Wie auch immer: Die glasklare Botschaft, die von seinen Todfeinden und seinen (noch) Verbündeten in aller Welt verstanden wird, lautet: Der Westen ist schwach, und jeder wird den Sieg davontragen, der sich ihm nur entschlossen genug entgegenstellt – zumal, wenn er auch die richtigen, weil konsequenten – Partner an seiner Seite weiß. Diese Botschaft ist übrigens nicht mehr ohne Weiteres revidierbar, selbst wenn jetzt doch wieder Truppen nach Afghanistan entsendet würden, um für Kabul noch ein paar Monate Zeit zu gewinnen.

Erpressbar gemacht

Wahrscheinlich ist das ohnehin nicht; vielmehr käme es in diesen Tagen nicht überraschend, würde den Taliban bei den absurden Verhandlungen in Katar stattdessen Geld angeboten, damit sie bis zum Jahrestag von 9/11 wenigstens nicht in Kabul einmarschieren. Glaubt irgendjemand ernsthaft, das Geschwätz voller Stichworte wie „Dialog“, „Friedensprozess“, „Regierung der nationalen Einheit“ etc. beeindruckt einen der Bärtigen? Oder dass Drohungen, man werde ihr Emirat nicht anerkennen oder Hilfsgelder einstellen, die Taliban in Angst und Schrecken versetzen?

In Wahrheit hat der Westen den Taliban wenig anzubieten, ist im Gegenzug aber in großem Maße erpressbar.
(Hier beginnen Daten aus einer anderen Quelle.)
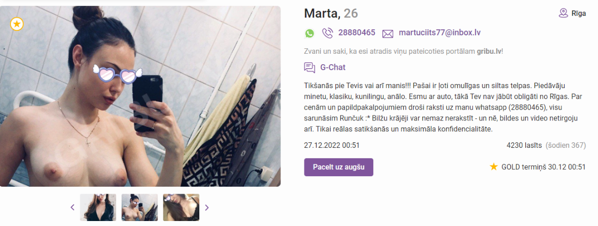 Nu zin kā, es ja būtu tik naivs, es jau sazinātos. Vienkārši dīvaini, dāma jeb bildes tiek sludinātas jau ilgu laiku, bet nekad nav nekas bijis forumā. Šis var būt arī kā noderīgs brīdinājums tiem naivajiem, kas meklēs info forumā.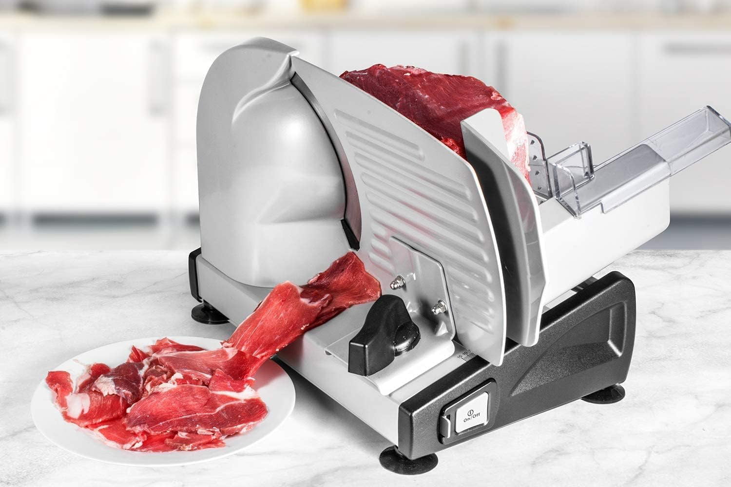 - 🔒 YOUR SAFETY IS OUR PRIORITY - Our slicer machine comes equipped with essential safety features. The illuminated on/off switch ensures easy operation, while the suction cup feet provide stability and security during use. Additionally, the blade guard and finger protection ensure maximum safety while handling the slicer.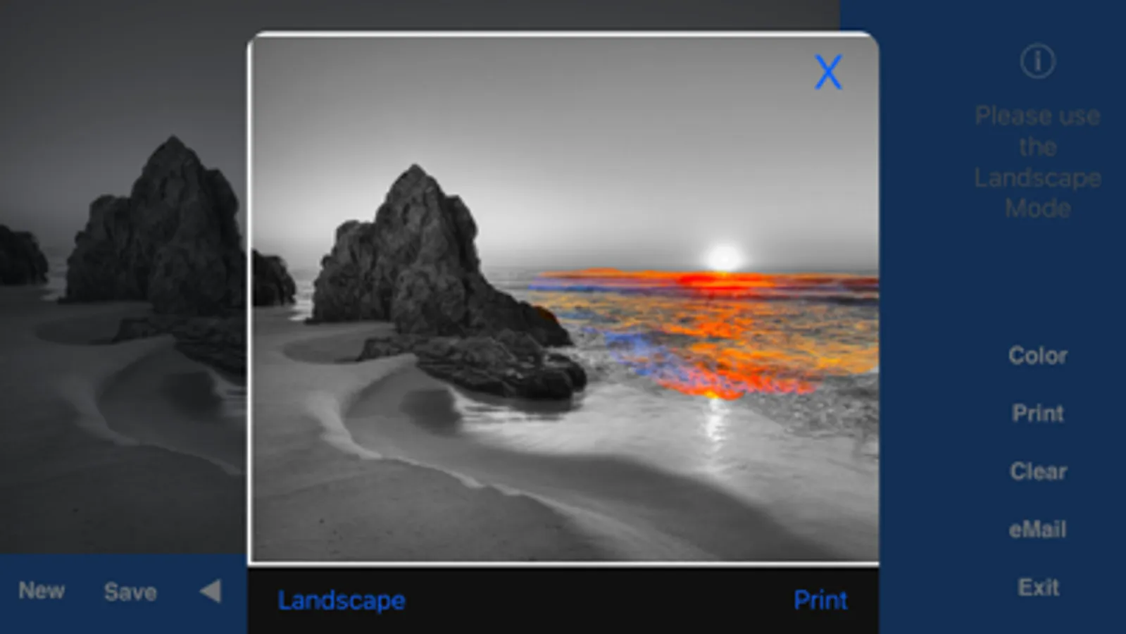 When you open a photo from the photo album, it is first converted into black / white. Now you can color the photo, i. Certain area. This effect is known for example as a color splash effect.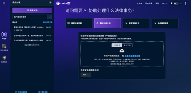 翻译上传文档功能的上线,标志着 Lexis+ AI China 在法律工作流上的进一步完善。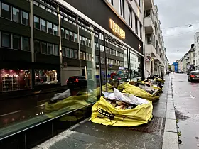 Fulle, gule avfallssekker sto igjen på fortauet utenfor i Industrigata mandag morgen.Foto: Ingri Valen Egeland
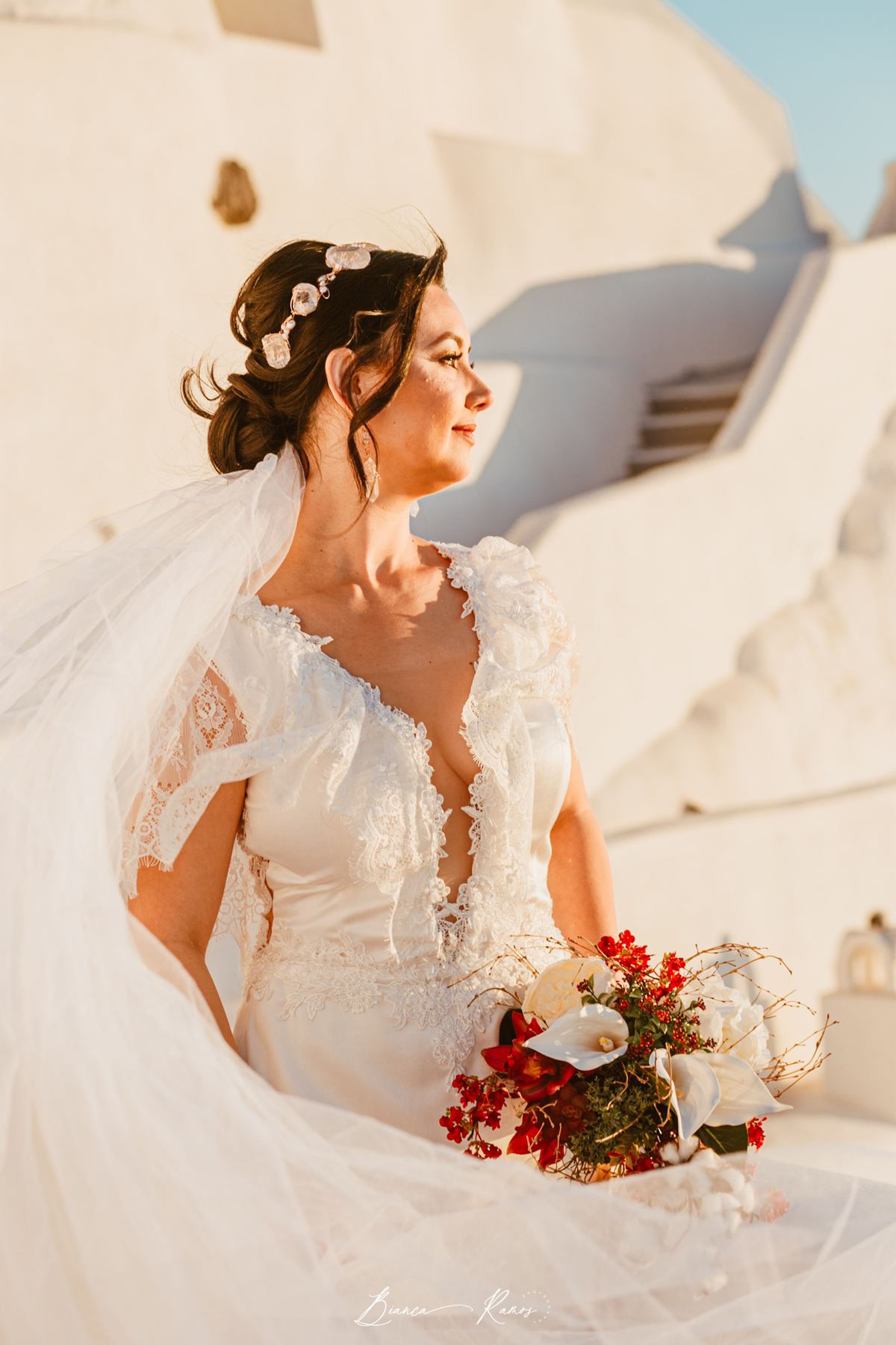 Aninha foi uma noiva tranquila, serena, assim como demonstra nas fotos. Ela trouxe esse lindo bouquet do Brasil, feito a Mao, assim tambem como as lindas joias que usou, a tiara e o vestido. Cada detalhe foi pensado e o resultado foi lindo. A cerimonia foi no Santa Irini que fica em Thira e tem uma linda vista para o vulcano bem no meio da ilha.
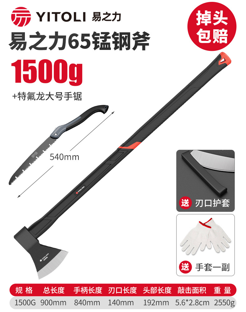 • [톱, 도끼, 망치 3가지 용도] 플라스틱 코팅 손잡이 도끼 1500G + 대형 접이식 톱(칼날 보호 커버 + 장갑 포함)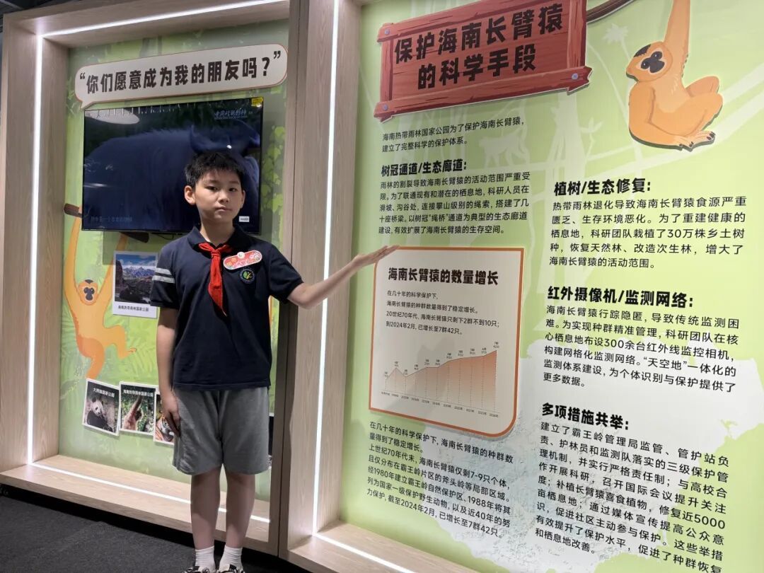 “我们经常会听到‘人与自然共生’这句话,海南热带雨林国家公园为了保护海南长臂猿,建立了完整科学的保护体系,在几十年的科学保护下,种群数量得到了稳定上升。”上海师范大学附属卢湾实验小学的五年级男生李骁衍向小编讲解着保护海南长臂猿的科学手段。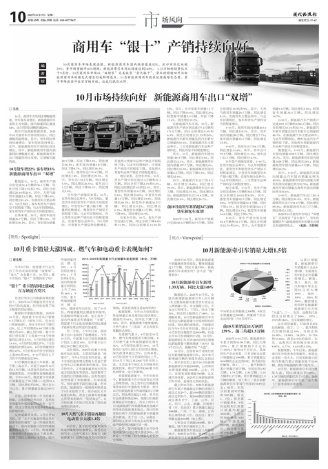编者按 10月商用车市场表现亮眼,新能源商用车国内销量暴涨52%,出口同环比双超20%;重卡销量飙升60%领...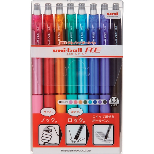 三菱鉛筆 消せる ゲルインクボールペン ユニボールR:E 0.5mm 8色(各色1本) URN180058C 1パック

Jederzeit kann ein Anruf in Berlin oder Paris ankommen: „Hallo hier sprechen die Taliban. Entweder ihr zahlt diesen oder jenen Betrag, oder wir jagen eine Million Afghanen über die Grenzen. Viel Spaß dann mit der nächsten Flüchtlingskrise. Was Bashar al Assad 2015 konnte, können wir schon lange!“

Und dann? Werden die Europäer dann dem iranischen Regime Geld für einen Grenzzaun nach türkischem Vorbild zahlen, damit ja keine Afghaninnen und Afghanen mehr das Land verlassen können? Die Europäer beginnen erst langsam zu verstehen, wozu ihre Politik, basierend auf Expertenstudien über Migrationsabwehr, Push- und Pull-Faktoren oder wie es sonst noch alles heißt, geführt hat: Dazu, dass zwei der wichtigsten Herkunftsländer aller Flüchtlinge – Syrien und Afghanistan – inzwischen solche Höllenlöcher geworden sind, dass nicht einmal mehr Straftäter dorthin abgeschoben werden können. (Aller populistischen Rhetorik zum Trotz, die gerade von manchen österreichischen Politikern noch immer zu hören ist.)
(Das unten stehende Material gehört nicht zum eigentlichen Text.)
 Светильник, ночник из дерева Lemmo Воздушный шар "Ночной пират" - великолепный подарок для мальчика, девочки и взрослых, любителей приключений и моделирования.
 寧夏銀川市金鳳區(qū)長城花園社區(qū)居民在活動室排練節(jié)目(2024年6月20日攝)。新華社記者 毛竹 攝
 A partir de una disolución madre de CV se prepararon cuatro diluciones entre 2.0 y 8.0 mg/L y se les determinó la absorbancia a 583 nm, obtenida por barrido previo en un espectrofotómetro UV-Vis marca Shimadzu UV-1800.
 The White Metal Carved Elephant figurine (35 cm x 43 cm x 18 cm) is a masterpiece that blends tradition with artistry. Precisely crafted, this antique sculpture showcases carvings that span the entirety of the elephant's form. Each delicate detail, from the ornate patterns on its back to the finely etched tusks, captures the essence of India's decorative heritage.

Vielleicht schaffen es die USA, mit einer neuen isolationistischen Politik, über das Debakel einigermaßen, wenn auch nicht unbeschadet hinwegzukommen. Solange von Afghanistan kein neuer Terroranschlag ausgeht, braucht es sie nur bedingt zu scheren, was dort vor sich geht. Für Europa sieht es ganz anders aus: Schon die Flüchtlingskrise 2015 hat den Kontinent bis auf die Grundfesten erschüttert, eine abermalige wird Europa vor noch größere und existentielle Probleme stellen.

Gerade deshalb folgt man den Szenen aus Afghanistan mit so großem Staunen, Entsetzen und Fassungslosigkeit: Die europäische Außenpolitik ist nicht nur zutiefst unmoralisch und kurzsichtig, sondern sie erweist auch als konterproduktiv und selbstdestruktiv – oder anders gesagt: als unfassbar dumm, schafft sie es doch nicht einmal, in ihrem eigenen Interesse das Richtige zu tun. Man will sich gar nicht vorstellen, wie man in zehn oder zwanzig Jahren auf das Jahr 2021 zurückblicken wird.